_ABOUT THIS EXERCISE_
What follows is a listing to transcribe exactly, leaving the pictures out.

_DATASET CONTENT_
● ● ● ● ● ● ●
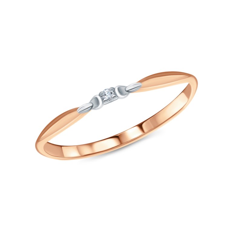 Кольцо с 1 бриллиантом, 0.012 карат, огранка круг 17 граней, цвет 2, чистота 2, тип огранки Б; Розовое золото 375 пробы.
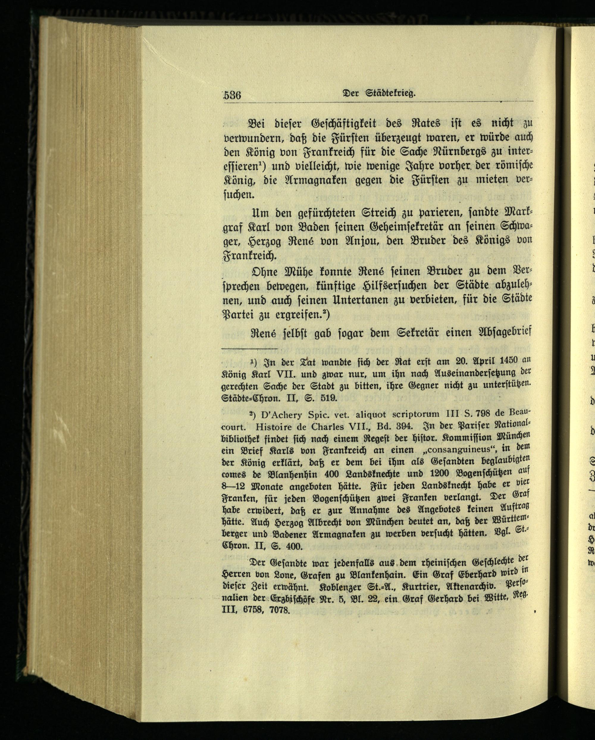 verwundern, daß die Fürſten überzeugt waren, er würde auch den König von Frankreich für die Sache Nürnbergs zu intereſſieren) und vielleicht, wie wenige Jahre vorher der römiſche König, die Armagnaken gegen die Fürſten zu mieten verſuchen.) Um den gefürchteten Streich zu parieren, ſandte Markgraf Karl von Baden ſeinen Geheimſekretär an ſeinen Schwager, Herzog René von Anjou , den Bruder des Königs von Frankreich . 5 Ohne Mühe konnte René feinen Bruder zu dem Verſprechen bewegen, künftige Hilfserſuchen der Städte abzulehnen, und auch ſeinen Untertanen zu verbieten, für die Städte Partei zu ergreifen.“)
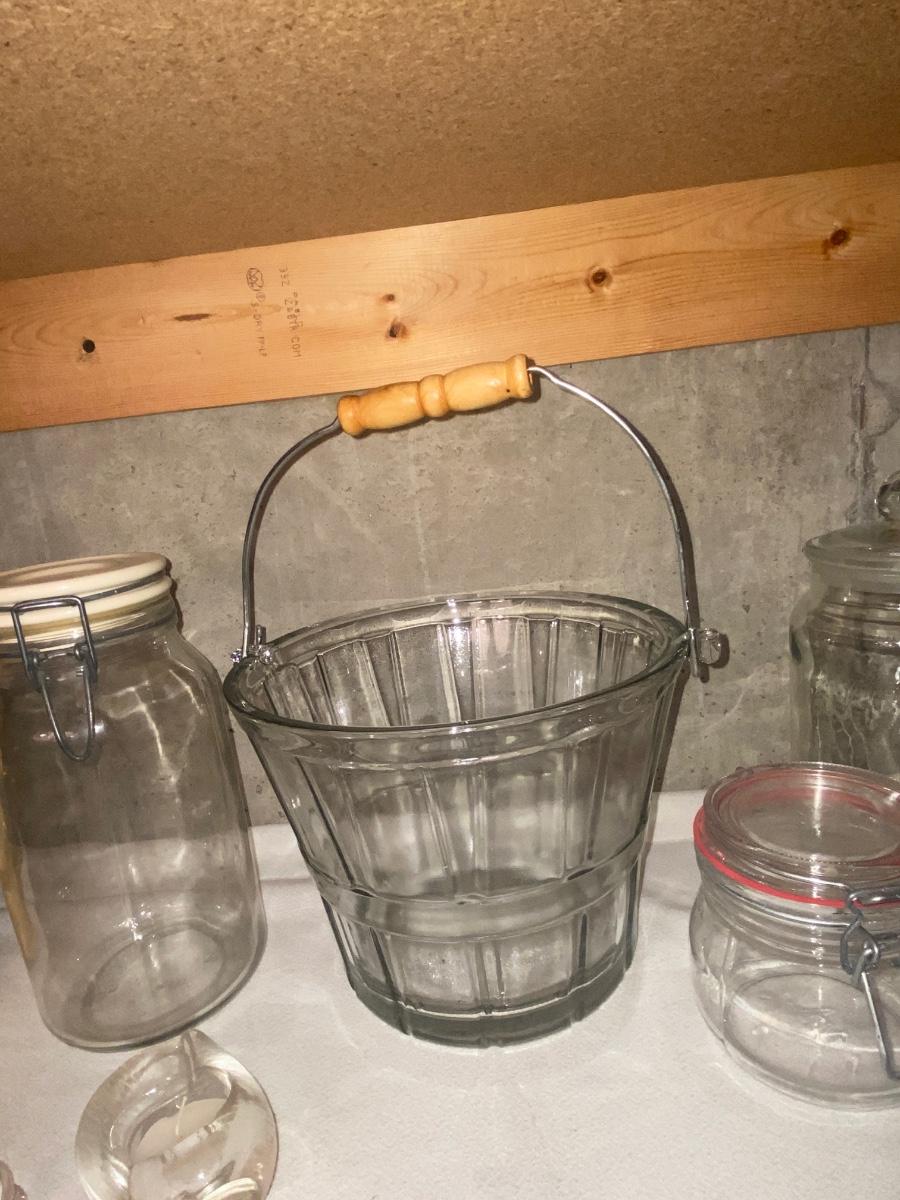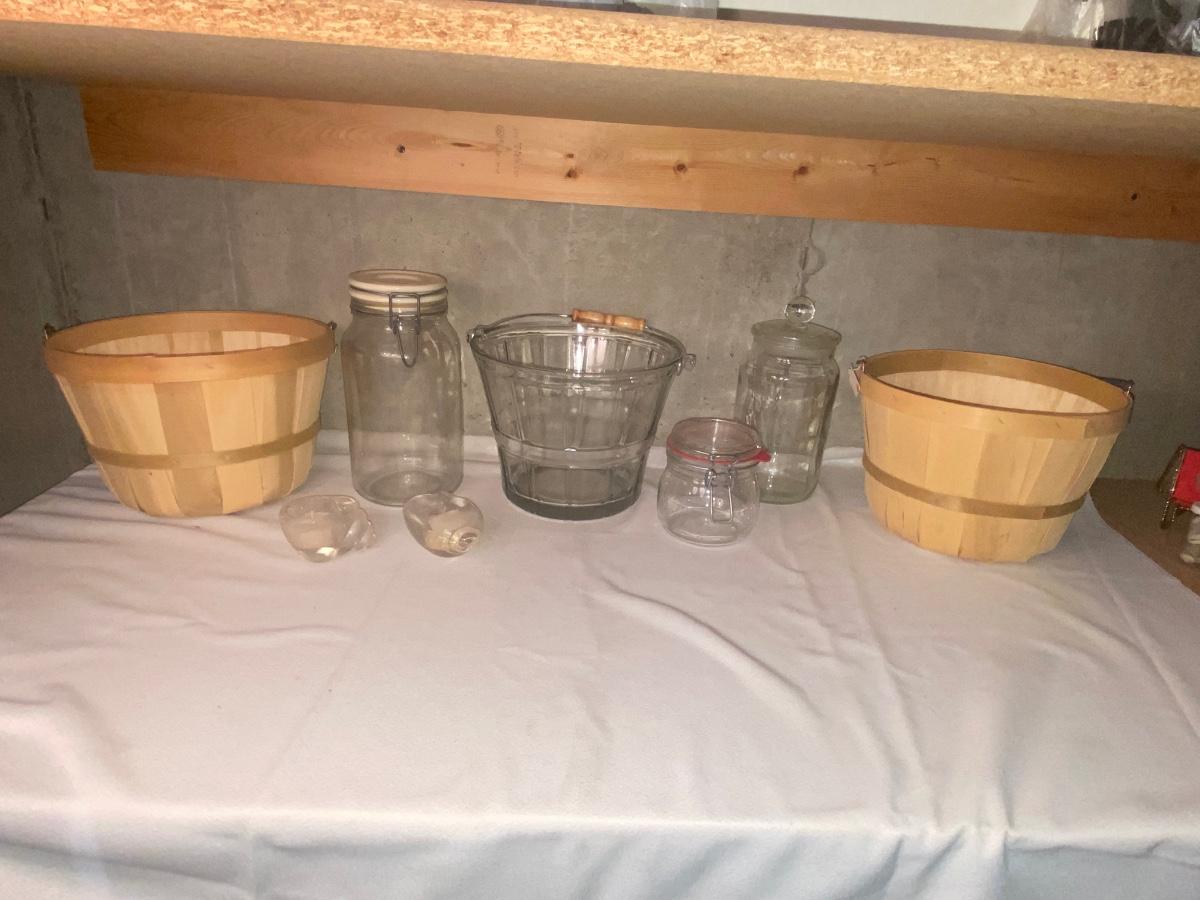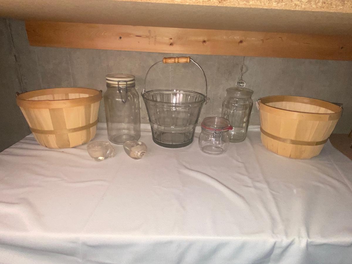 GLASS ICE BUCKET AND CANISTERS PLUS 2 BUSHEL BASKETS
● ● ● ● ● ● ●
_EXERCISE SOLUTION_
 Кольцо с 1 бриллиантом, 0.012 карат, огранка круг 17 граней, цвет 2, чистота 2, тип огранки Б; Розовое золото 375 пробы.
 verwundern, daß die Fürſten überzeugt waren, er würde auch den König von Frankreich für die Sache Nürnbergs zu intereſſieren) und vielleicht, wie wenige Jahre vorher der römiſche König, die Armagnaken gegen die Fürſten zu mieten verſuchen.) Um den gefürchteten Streich zu parieren, ſandte Markgraf Karl von Baden ſeinen Geheimſekretär an ſeinen Schwager, Herzog René von Anjou , den Bruder des Königs von Frankreich . 5 Ohne Mühe konnte René feinen Bruder zu dem Verſprechen bewegen, künftige Hilfserſuchen der Städte abzulehnen, und auch ſeinen Untertanen zu verbieten, für die Städte Partei zu ergreifen.“)
 GLASS ICE BUCKET AND CANISTERS PLUS 2 BUSHEL BASKETS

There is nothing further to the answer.